Der Juni-Radiotatort wirkt weitaus realistischer als der Tatort aus dem Mai. Das liegt in erster Linie daran, dass der Tatort außerhalb von Opergebäuden spielt und eher bodenständige Settings hat, die sich auch in einem Hörspiel gut darstellen lassen.

Auffallend ist in erster Linie der schüchterne und verunsicherte Staatsanwalt Gröninger. Er scheint Aufmerksamkeit nicht gewohnt zu sein. Katharina Pleve, die Tochter der Toten, kann ihn leicht um den Finger wickeln. Er stößt die Ermittlungen erst wirklich an, obwohl das nicht in seinem Kompetenzbereich liegt. Dabei deutet zunächst alles auf den Bruder als Mörder, was in Krimis in der Regel ja ein Zeichen dafür ist, dass der Bruder unschuldig ist.

Tatsächlich wartet der Radiotatort mit einer beinahe unvorhergesehenen Wendung auf. Doch das Gelungenste an dem Hörspiel ist, dass man die Position der drei Hauptakteure Gröninger und der Geschwister Pleve nie genau einschätzen kann. Zunächst wirkt alles klar, werden Gröninger und Katharina Pleve doch als intelligente, gebildete Menschen dagestellt, die über Rechtsfälle diskutieren. Im Verlauf des Hörspiels werden jedoch für beide Charaktere Zweifel an ihrer Integrität aufgebaut. Katharina Pleve entwickelt sich zur eifersüchtigen und rachsüchtigen Stalkerin, während es zuletzt gar so aussieht, als hätte der brave Gröninger Katharina Pleve etwas angetan.

Gerade das ungeschickte Verhalten des eigentlich so integren Staatsanwalt Gröninger macht das Hörspiel etwas spannend. Dabei ist die Betroffenheit, die Kommissarin Evernich befällt, als Gröninger ins Visier der Ermittlungen gerät, sehr gut inszeniert. Sie scheint an seine Unschuld zu glauben, muss aber Fakten veröffentlichen, die ihn belasten. Das macht ihr zu schaffen und das wird in dem Stück gut vermittelt.

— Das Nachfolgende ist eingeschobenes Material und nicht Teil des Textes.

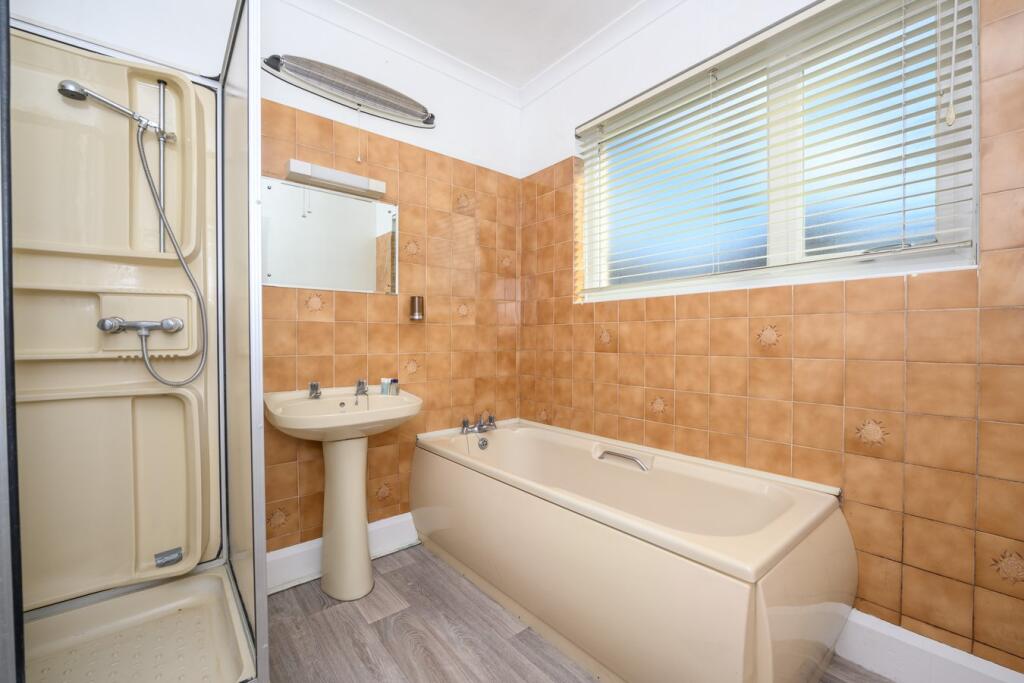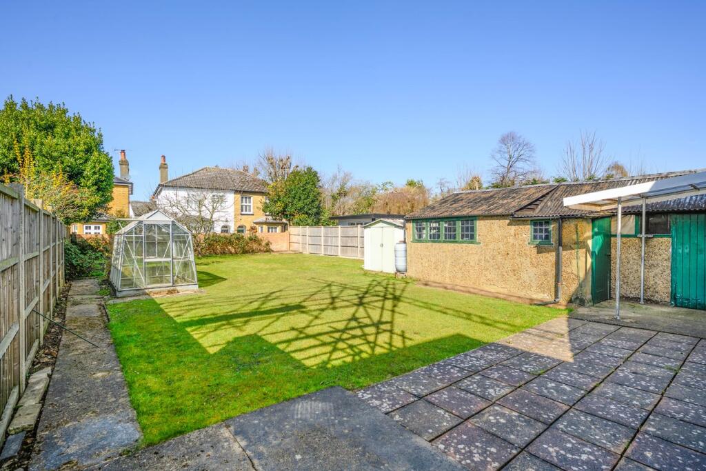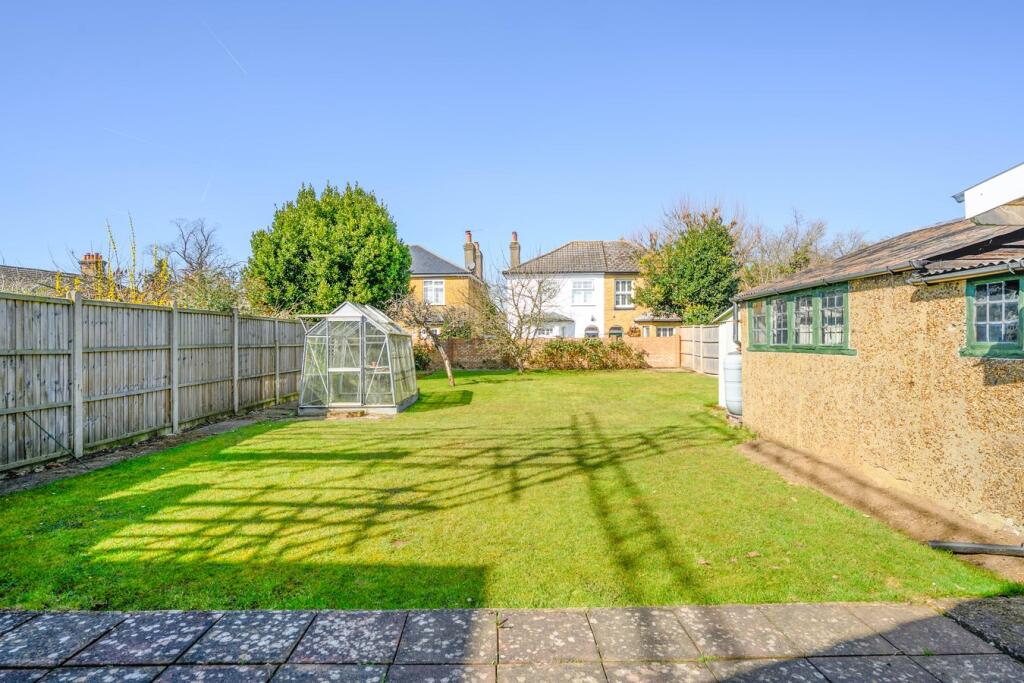 This property is a detached bungalow located in Walton-on-Thames, Surrey. The area benefits from a mainline train station providing links to London Waterloo, and is within reasonable proximity to local schools. The property itself is in need of modernisation, as can be seen in the provided images. The kitchen and bathroom are particularly dated. While the property benefits from a garden, the plot size is not specified. The list price of £800,000 is higher than the average price for the area (£652,035), however, nearby comparable properties are listed at higher prices, suggesting the list price may be reasonable given the location and potential for renovation. More information on the plot size would be needed to make a more informed assessment of value.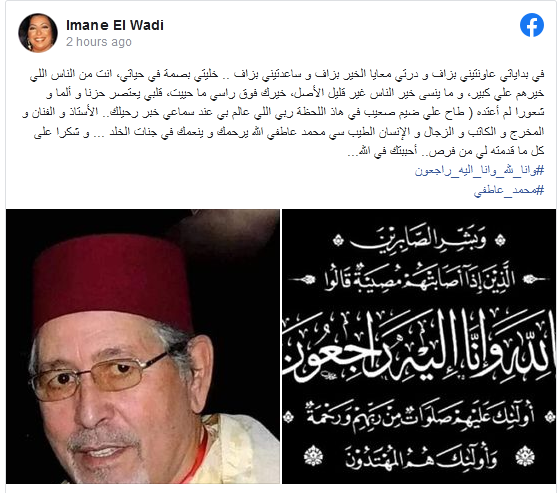 وزادت في تدوينة على حسابها في فيسبوك: "قلبي يعتصر حزنًا وألمًا وشعورًا لم أعتده.. الأستاذ والفنان والمخرج والكاتب والزجال والإنسان الطيب سي محمد عاطفي الله يرحمك وينعمك في جنات الخلد... وشكرًا على كل ما قدمته لي من فرص.. أحببتك في الله".

Die Auflösung ist sowohl gut als auch schlecht. Gut, weil die Motive Katharina Pleves aufgeklärt werden. Das geschieht sogar auf etwas überraschende Art und Weise. Schlecht ist das Ende, weil nicht genau geklärt wird, ob es sich bei dem „Grundfall“ nun um Mord handelte oder nicht. Dafür fehlte dem Hörspiel vermutlich einfach die Zeit. Es ist zwar schön, dass man zum Schluss noch etwas spekulieren kann, schöner wäre es aber, dass Hörspiel wäre zu einem kompletten Ende gebracht worden.

Noch kann man sich den Juni-Radiotatort auf der ARD-Seite herunterladen.